*** SOURCE INFORMATION
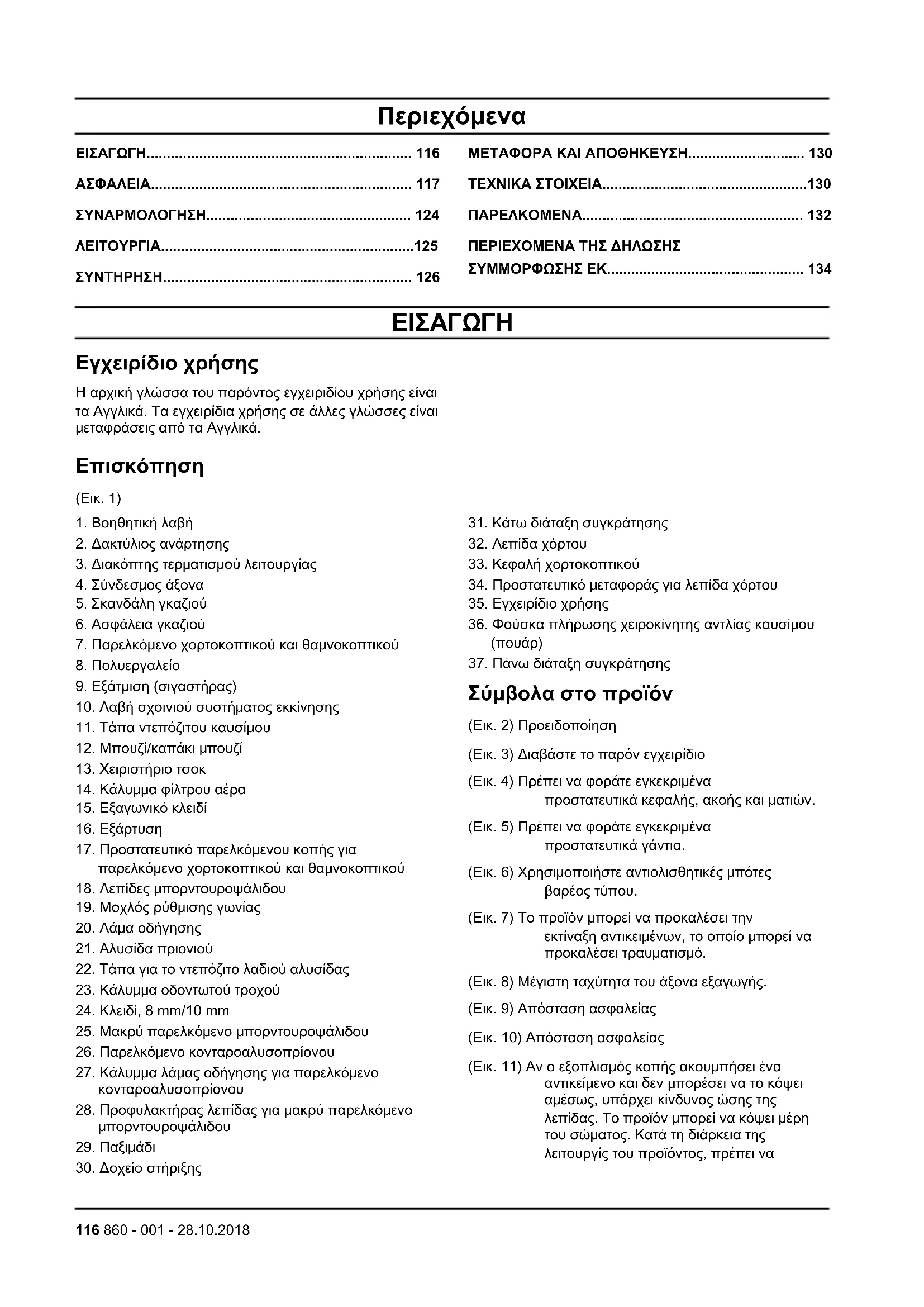Σύμβολα στο προϊόν (Εικ. 2) Προειδοποίηση (Εικ. 3) Διαβάστε το παρόν εγχειρίδιο (Εικ. 4) Πρέπει να φοράτε εγκεκριμένα προστατευτικά κεφαλής, ακοής και ματιών. (Εικ. 5) Πρέπει να φοράτε εγκεκριμένα προστατευτικά γάντια. (Εικ. 6) Χρησιμοποιήστε αντιολισθητικές μπότες βαρέος τύπου. (Εικ. 7) Το προϊόν μπορεί να προκαλέσει την εκτίναξη αντικειμένων, το οποίο μπορεί να προκαλέσει τραυματισμό. (Εικ. 8) Μέγιστη ταχύτητα του άξονα εξαγωγής. (Εικ. 9) Απόσταση ασφαλείας (Εικ. 10) Απόσταση ασφαλείας (Εικ. 11) Αν ο εξοπλισμός κοπής ακουμπήσει ένα αντικείμενο και δεν μπορέσει να το κόψει αμέσως, υπάρχει κίνδυνος ώσης της λεπίδας. Το προϊόν μπορεί να κόψει μέρη του σώματος. Κατά τη διάρκεια της λειτουργίς του προϊόντος, πρέπει να 116 860 - 001 - 28.10.2018διατηρείτε μια ελάχιστη απόσταση 15 m (50 ft) από ανθρώπους και ζώα. (Εικ. 12) Βεβαιωθείτε ότι εάν έχετε μακριά μαλλιά, βρίσκονται πάνω από τους ώμους σας. (Εικ. 13) Τα βέλη δείχνουν τα όρια για τη θέση της
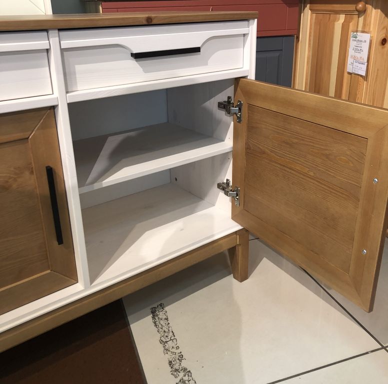 Корпус, фасады, полки и стенки ящиков изготовлены из массива сосны – прочного и долговечного натурального материала.
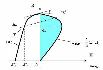 Dacǎ magnetul permanent apeleazǎ la un circuit magnetic exterior lui, punctul optim de functionare se deplaseazǎ din Ao, pe dreapta de revenire, o paralelǎ prin Ao, la tangenta la caracteristica B(H), in punctul de intersectie al acesteia cu axa ordonatelor, de coordonate (0,Br), cu panta tgβ.
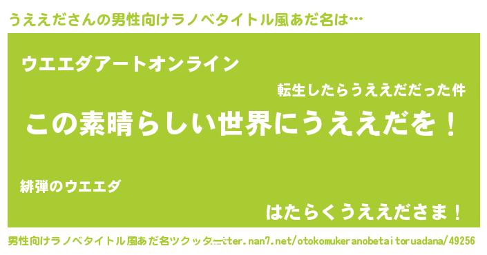 | 女子向けラノベタイトル風あだ名 | 『悪役うええだに転生したようですが、知った事ではありません』 |
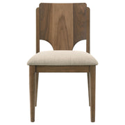 Stylish charm infuses a modern five-piece dining table set to create a welcoming centerpiece in your dining room. The set delivers a round wood table paired with four chairs to create the perfect spot for meals with the family, homework, and game nights. The table stands on four round post legs with an X-cross base that adds movement and eye-catching flair. Chairs offer impeccable comfort with foam seat cushions and beige upholstery paired with wooden backs complete with wedge cutouts that lighten the overall look and feel. This charming set is the perfect choice for an inviting family space.
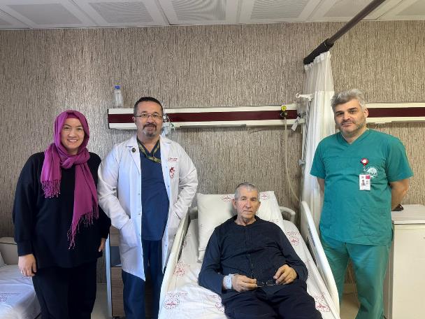 Kalp ve Damar Cerrahisi Anabilim Dalı Başkanı Doç. Dr. Sedat Ozan Karakişi yaptığı açıklamada “Hastamız 67 yaşında göğüs ağrısı nefes darlığı yorulma şikâyetleri ile polikliniğimize başvurdu. Yapılan tetkiklerinde aort kalp kapakçığı da kireçlenmeye bağlı ciddi derecede daralma saptamıştık ve kalp kapakçığının değişimine karar verdik. Yaşı ileri olduğu için biyolojik kalp kapağı tercih ettik.” dedi.
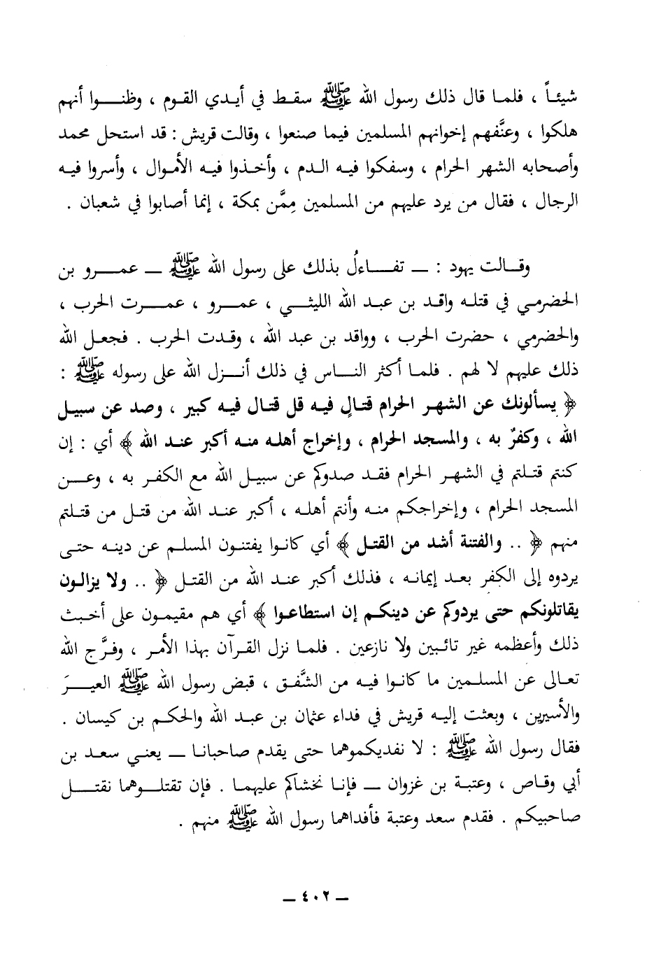 وقالت يهود: - تفاءل بذلك على رسول الله (ص) - عمرو بن الحضرمي في قتله واقد بن عبد الله الليثي، عمرو، عمرت الحرب، والحضرمي، حضرت الحرب، وواقد بن عبد الله، وقدت الحرب. فجعل الله ذلك عليهم لا لهم. فلما أكثر الناس في ذلك أنزل الله على رسوله (ص): {يسألونك عن الشهر الحرام قتال فيه قل قتال فه كبير وصد عن سبيل الله وكفر به والمسجد الحرام وإخراج أهله منه أكبر عند الله} أي: إن كنتم قتلتم في الشهر الحرام فقد صدوكم عن سبيل الله مع الكفر به، وعن المسجد الحرام، وإخراجكم منه وأنتم أهله، أكبر عند الله من قتل من قتلتم منهم {.. والفتنة أشد من القتل} أي كانوا يفتنون المسلم عن دينه حتى يردوه إلى الكفر بعد إيمانه، فذلك أكبر عند الله من القتل {.. ولا يزالون يقاتلونكم حتى يردوكم عن دينكم إن استطاعوا} أي هم مقيمون على أخبث ذلك وأعظمه غير تائبين ولا نازعين. فلما نزل القرآن بهذا الأمر، وفرج الله تعالى عن المسلمين ما كانوا فيه من الشفق، قبض رسول الله (ص) العير والأسيرين، وبعثت إليه قريش في فداء عثمان بن عبد الله والحكم بن كيسان. فقال رسول الله (ص): لا نفديكموهما حتى يقدم صاحبانا - يعني سعد بن أبي وقاص، وعتبة بن غزون - فإنا نخشاكم عليهما. فإن تقتلوهما نقتل صاحبيكم. فقدم سعد وعتبة فأفداهما رسول الله (ص) منهم.
******
Verbatim transcription needed, from the opening line of the entries above through the line containing "Stylish charm infuses"; pictures do not belong in it.

Σύμβολα στο προϊόν (Εικ. 2) Προειδοποίηση (Εικ. 3) Διαβάστε το παρόν εγχειρίδιο (Εικ. 4) Πρέπει να φοράτε εγκεκριμένα προστατευτικά κεφαλής, ακοής και ματιών. (Εικ. 5) Πρέπει να φοράτε εγκεκριμένα προστατευτικά γάντια. (Εικ. 6) Χρησιμοποιήστε αντιολισθητικές μπότες βαρέος τύπου. (Εικ. 7) Το προϊόν μπορεί να προκαλέσει την εκτίναξη αντικειμένων, το οποίο μπορεί να προκαλέσει τραυματισμό. (Εικ. 8) Μέγιστη ταχύτητα του άξονα εξαγωγής. (Εικ. 9) Απόσταση ασφαλείας (Εικ. 10) Απόσταση ασφαλείας (Εικ. 11) Αν ο εξοπλισμός κοπής ακουμπήσει ένα αντικείμενο και δεν μπορέσει να το κόψει αμέσως, υπάρχει κίνδυνος ώσης της λεπίδας. Το προϊόν μπορεί να κόψει μέρη του σώματος. Κατά τη διάρκεια της λειτουργίς του προϊόντος, πρέπει να 116 860 - 001 - 28.10.2018διατηρείτε μια ελάχιστη απόσταση 15 m (50 ft) από ανθρώπους και ζώα. (Εικ. 12) Βεβαιωθείτε ότι εάν έχετε μακριά μαλλιά, βρίσκονται πάνω από τους ώμους σας. (Εικ. 13) Τα βέλη δείχνουν τα όρια για τη θέση της
 Корпус, фасады, полки и стенки ящиков изготовлены из массива сосны – прочного и долговечного натурального материала.
 Dacǎ magnetul permanent apeleazǎ la un circuit magnetic exterior lui, punctul optim de functionare se deplaseazǎ din Ao, pe dreapta de revenire, o paralelǎ prin Ao, la tangenta la caracteristica B(H), in punctul de intersectie al acesteia cu axa ordonatelor, de coordonate (0,Br), cu panta tgβ.
 | 女子向けラノベタイトル風あだ名 | 『悪役うええだに転生したようですが、知った事ではありません』 |
 Stylish charm infuses a modern five-piece dining table set to create a welcoming centerpiece in your dining room. The set delivers a round wood table paired with four chairs to create the perfect spot for meals with the family, homework, and game nights. The table stands on four round post legs with an X-cross base that adds movement and eye-catching flair. Chairs offer impeccable comfort with foam seat cushions and beige upholstery paired with wooden backs complete with wedge cutouts that lighten the overall look and feel. This charming set is the perfect choice for an inviting family space.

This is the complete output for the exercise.